Just because Gray didn’t agonize over the lyrics doesn’t mean he had nothing to say. “You Wouldn’t Know” is about the difficulty of maintaining one’s integrity in the profit-obsessed music industry, and “Thank You” is a shout-out to all of the band’s recently departed family members: Dime, Maxwell’s mother, and Gray’s grandmother. “It’s a very emotional track for anyone who’s been through a crazy loss,” Gray says. “Dime was brutally murdered. I watched my grandmother, who was this thriving, full-of-life soul, get whittled down to nothing because of cancer. I just felt we owed a big thank you to all of them.”

“It was very powerful,” says Abbott of the first time he heard the completed song. “It made me think of how much my brother had done for me and how much we had done together and how much I miss him and how important it is for me and everyone to know we love him and appreciate him.”

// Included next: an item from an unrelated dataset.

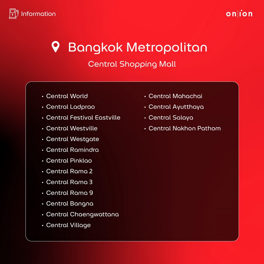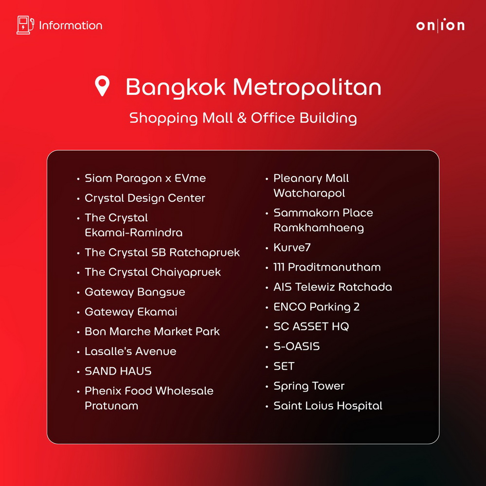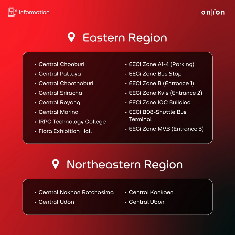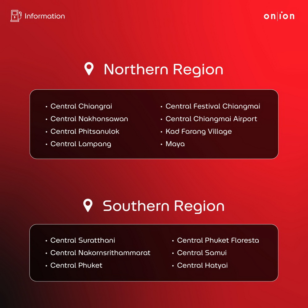 สถานีชาร์จ on-ion ภายใต้การดำเนินการของบริษัทอรุณ พลัส และมาตรฐาน ปตท. ให้บริการตามหัวเมืองทั่วประเทศ ตอบโจทย์ไลฟ์สไตล์คนรุ่นใหม่ เปิดให้บริการตามห้างสรรพสินค้าชั้นนํา อาคารสํานักงาน ฯลฯ สามารถดูรายละเอียดสถานีได้จาก Application และ Line Official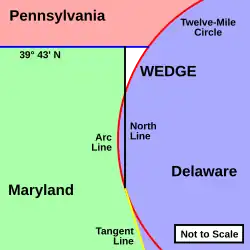 The Wedge (en), zone contestée depuis le XVIIe siècle, demeura un point litigieux entre le Delaware et la Pennsylvanie jusqu'en 1921.

While HellYeah made plenty of noise in the studio and at the Clubhouse, the band’s activities were kept under wraps like classified military secrets. If it weren’t for a stray comment made by Nothingface singer Matt Holt to a member of the press, practically no one would have known of the band’s existence.

“If we had come right out of the chute and said the five of us were getting together, everybody would have these preconceived notions of what it would be about, and all of a sudden there would be this pressure on us to fulfill what people expect,” Abbott says of the decision to keep HellYeah under the radar. “So we just did it on our own, and that way we could do what we wanted with it. And the more we got into it, the stronger we all felt about it. We all think we’ve made a great record, something that’s really going to leave a mark in music this year.”

Not to take anything away from the rest of the band, but it’s hard to imagine HELLYEAH being as powerful without Abbott. In addition to playing his ass off, the drummer coproduced the album, reshaping many of the arrangements in the process. And the group has been equally important to Abbott, serving as a major step on his road to recovery. “One of the coolest things that happened to me when we were working on this record,” recalls Montano, “was when we were in the Clubhouse drinking and Vinnie leaned over to me and said, ‘Hey, man, thanks for getting me to play drums again.’ To be given credit for something like that was unbelievable.”